Updated guidelines from the American College of Medical Genetics and Genomics (ACMG) recommend that clinicians consider next-generation sequencing (NGS) when testing for genetic causes of hearing loss.
The latest recommendations, which build on guidelines issued in 2002, include panel tests targeted at genes related to hearing loss, whole-exome sequencing (WES), and whole-genome sequencing (WGS) after negative results are returned on initial single-gene testing indicated by a patient's family medical history and presentation.
NGS may also be appropriate in cases that clinicians suspect are nonsyndromic and result from autosomal recessive inheritance, especially after negative results are returned on tests for mutations in the autosomal recessive DFNB1 locus for GJB2 or GJB6, according to recently published guidelines [Alford et al., 2014].
GJB2 and GJB6, which encode the proteins connexin 26 and connexin 30, respectively, account for the largest proportion of autosomal recessive early childhood hearing loss in many populations, the authors note.

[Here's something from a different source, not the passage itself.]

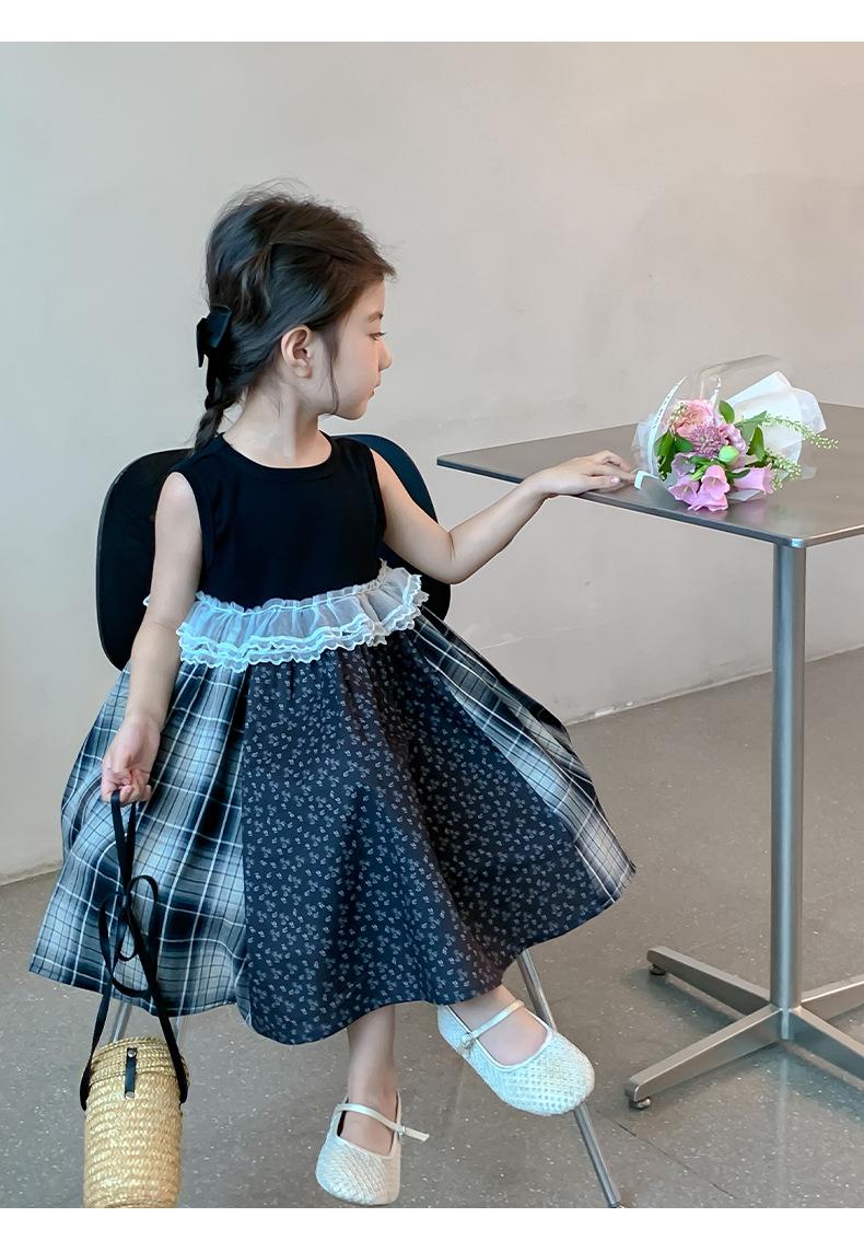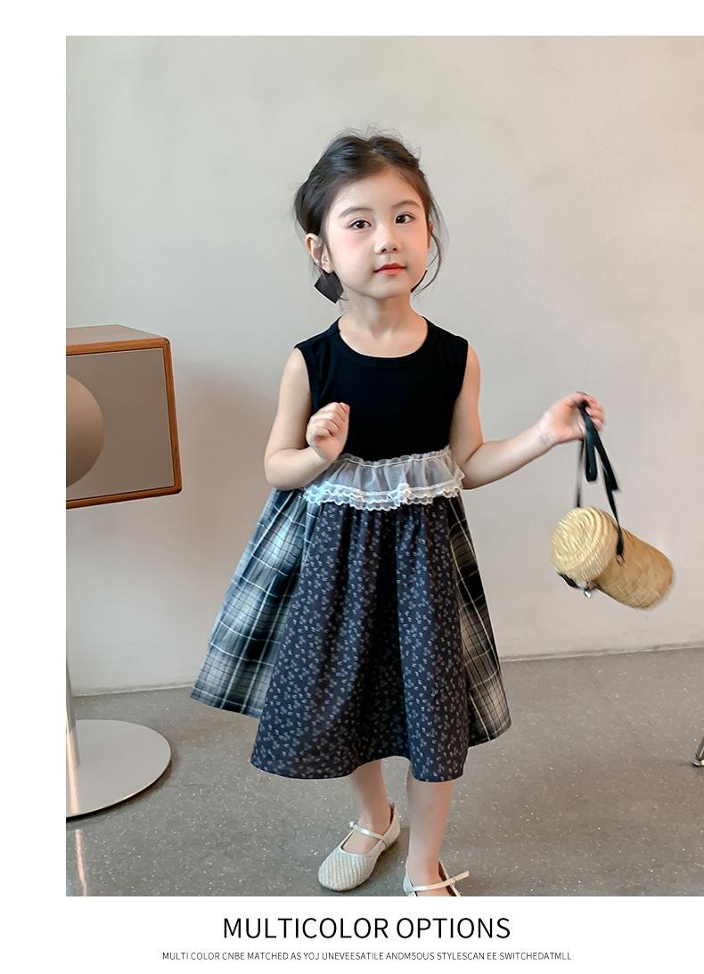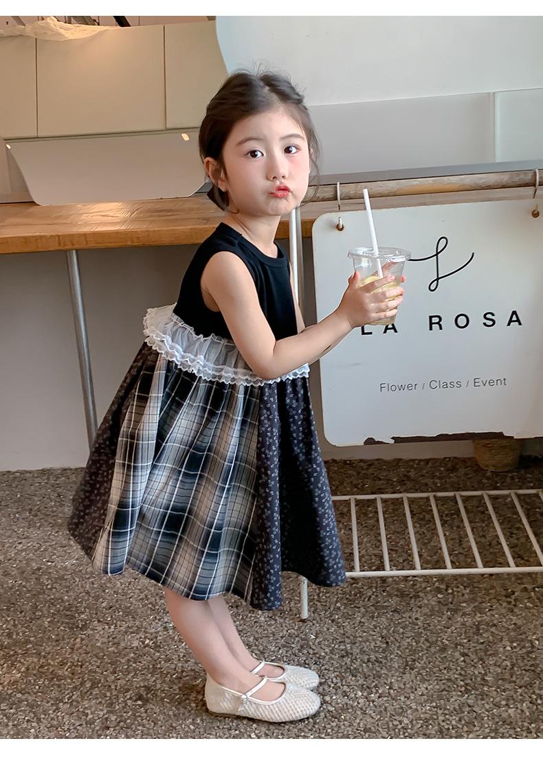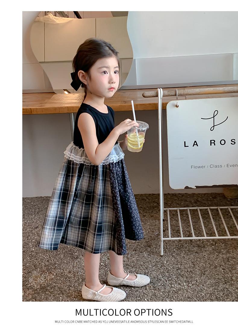 Vestido de Niña Verano 2025 Nuevo Estilo Camisola de Bebé Vestido de Princesa Falda de Cuadros de Verano para Niños

The new guidelines come in response to published studies that look at causes of hearing loss across the genome and large panel-based genetic tests, says coauthor Heidi Rehm, PhD, Director of the Laboratory for Molecular Medicine Partners Healthcare Center for Personalized Genetic Medicine in Cambridge, Massachusetts.
Steps to Take
Before any genetic testing is done, the ACMG recommends that clinicians complete a comprehensive evaluation of patients' medical and birth histories to help distinguish acquired versus inherited causes of hearing loss as well as perform audiology exams to determine the type and severity of hearing loss. If findings suggest syndromic genetic hearing loss, patients should be offered genetic counseling and genetic testing, which could include single-gene tests, panels, genomic sequencing, chromosome analysis, and microarray-based copy number analysis, based on clinical findings. If the hearing loss seems nonsyndromic and unrelated to an environmental cause, single-gene testing may be warranted if medical and family history or presentation suggest a particular etiology. If none is suggested, the next step could be GJB2 or GJB6 testing.
If single-gene tests yield no diagnosis, clinicians may consider NGS, which is quickly replacing many single-gene tests for hearing loss and can assess patients whose phenotypes are not easily distinguished clinically, the guidelines note. NGS may be a cost-effective first- genetic test, the guidelines note.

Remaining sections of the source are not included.